* [Material shown]:
=== Begin Enclosure ===

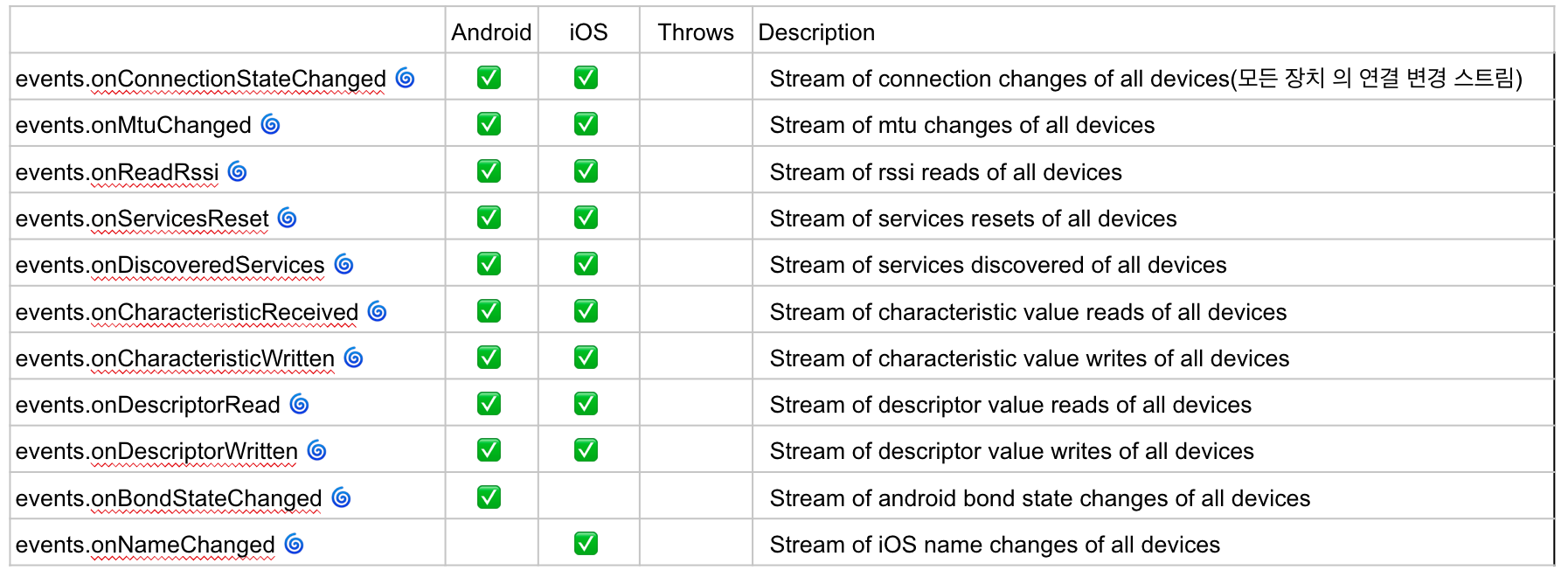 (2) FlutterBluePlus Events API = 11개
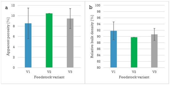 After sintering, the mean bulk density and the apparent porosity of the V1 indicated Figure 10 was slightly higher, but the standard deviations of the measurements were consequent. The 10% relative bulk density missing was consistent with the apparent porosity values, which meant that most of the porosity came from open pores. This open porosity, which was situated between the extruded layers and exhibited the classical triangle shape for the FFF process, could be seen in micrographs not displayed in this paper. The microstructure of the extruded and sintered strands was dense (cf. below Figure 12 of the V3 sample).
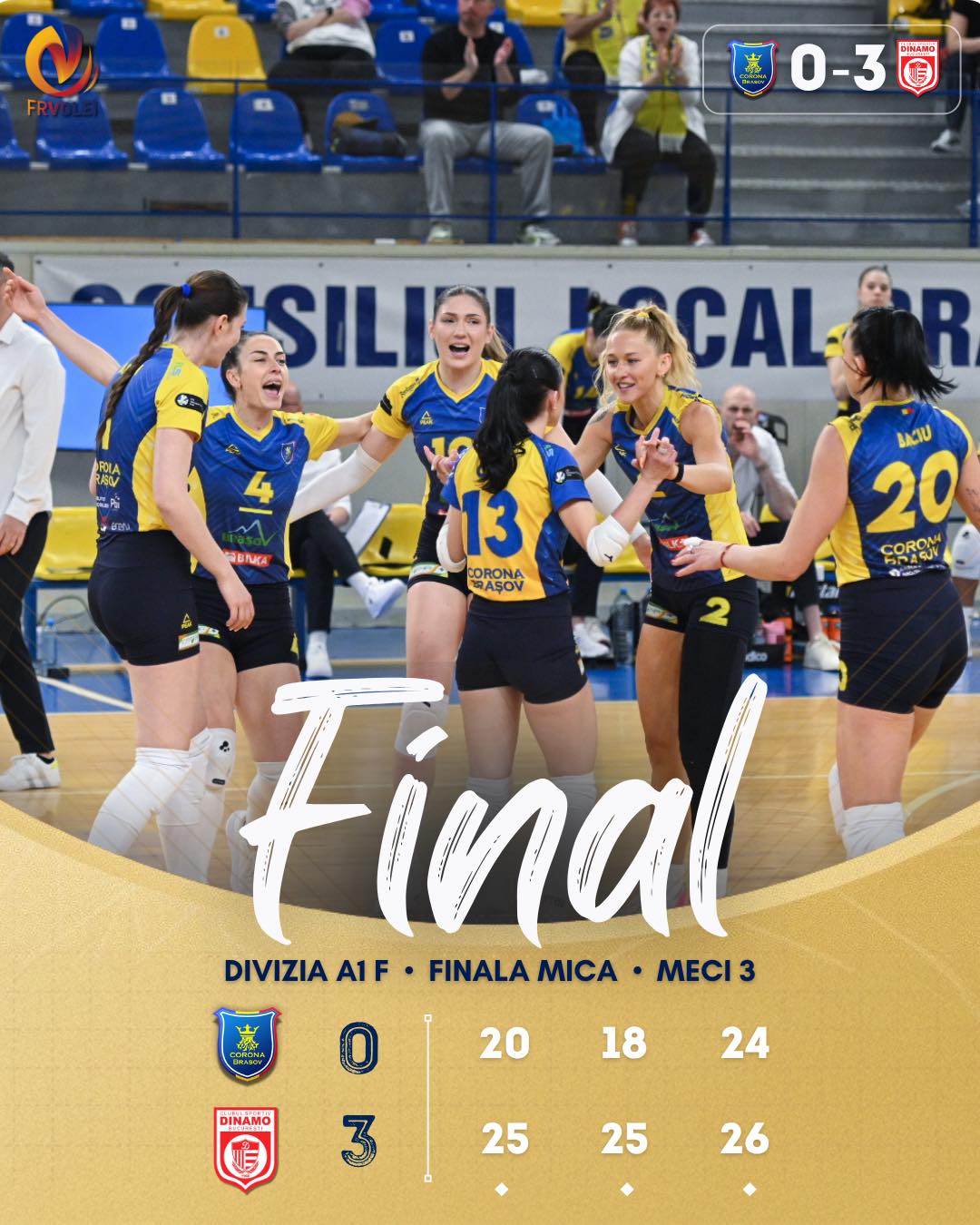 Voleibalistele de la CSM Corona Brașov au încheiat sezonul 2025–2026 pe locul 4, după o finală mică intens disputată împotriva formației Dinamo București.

=== End Enclosure ===
=== Begin Enclosure ===

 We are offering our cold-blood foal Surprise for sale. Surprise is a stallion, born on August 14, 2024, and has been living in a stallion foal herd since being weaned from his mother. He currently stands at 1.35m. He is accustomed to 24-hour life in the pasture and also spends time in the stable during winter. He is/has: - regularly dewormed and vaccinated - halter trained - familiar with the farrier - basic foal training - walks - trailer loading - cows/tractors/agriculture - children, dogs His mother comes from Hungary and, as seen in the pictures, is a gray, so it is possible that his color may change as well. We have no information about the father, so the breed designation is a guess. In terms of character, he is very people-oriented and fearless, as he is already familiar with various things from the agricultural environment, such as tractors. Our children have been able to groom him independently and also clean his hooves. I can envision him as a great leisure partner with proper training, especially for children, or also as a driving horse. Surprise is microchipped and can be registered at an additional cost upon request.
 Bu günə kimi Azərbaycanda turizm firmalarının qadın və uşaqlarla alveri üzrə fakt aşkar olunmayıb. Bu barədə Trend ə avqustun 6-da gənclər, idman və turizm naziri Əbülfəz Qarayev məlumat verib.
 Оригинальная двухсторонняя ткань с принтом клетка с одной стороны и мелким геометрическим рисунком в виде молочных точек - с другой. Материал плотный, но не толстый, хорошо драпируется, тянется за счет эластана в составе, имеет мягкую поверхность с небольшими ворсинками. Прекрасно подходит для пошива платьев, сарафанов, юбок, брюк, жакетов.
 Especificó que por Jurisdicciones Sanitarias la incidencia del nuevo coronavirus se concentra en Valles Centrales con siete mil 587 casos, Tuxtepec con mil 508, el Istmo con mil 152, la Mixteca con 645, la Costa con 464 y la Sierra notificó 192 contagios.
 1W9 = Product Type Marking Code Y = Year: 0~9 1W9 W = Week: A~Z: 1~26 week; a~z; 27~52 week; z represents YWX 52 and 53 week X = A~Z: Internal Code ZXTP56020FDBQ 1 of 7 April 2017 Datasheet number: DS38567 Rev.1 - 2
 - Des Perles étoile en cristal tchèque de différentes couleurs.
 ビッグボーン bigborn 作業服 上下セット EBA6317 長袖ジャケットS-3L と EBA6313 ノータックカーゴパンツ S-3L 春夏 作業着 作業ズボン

=== End Enclosure ===

Restate word for word the entries above, starting at the line with "Especificó que por" and ending at the line with "ビッグボーン bigborn 作業服", inclusive, and no others.

* [Solution to this problem]:
 Especificó que por Jurisdicciones Sanitarias la incidencia del nuevo coronavirus se concentra en Valles Centrales con siete mil 587 casos, Tuxtepec con mil 508, el Istmo con mil 152, la Mixteca con 645, la Costa con 464 y la Sierra notificó 192 contagios.
 1W9 = Product Type Marking Code Y = Year: 0~9 1W9 W = Week: A~Z: 1~26 week; a~z; 27~52 week; z represents YWX 52 and 53 week X = A~Z: Internal Code ZXTP56020FDBQ 1 of 7 April 2017 Datasheet number: DS38567 Rev.1 - 2
 - Des Perles étoile en cristal tchèque de différentes couleurs.
 ビッグボーン bigborn 作業服 上下セット EBA6317 長袖ジャケットS-3L と EBA6313 ノータックカーゴパンツ S-3L 春夏 作業着 作業ズボン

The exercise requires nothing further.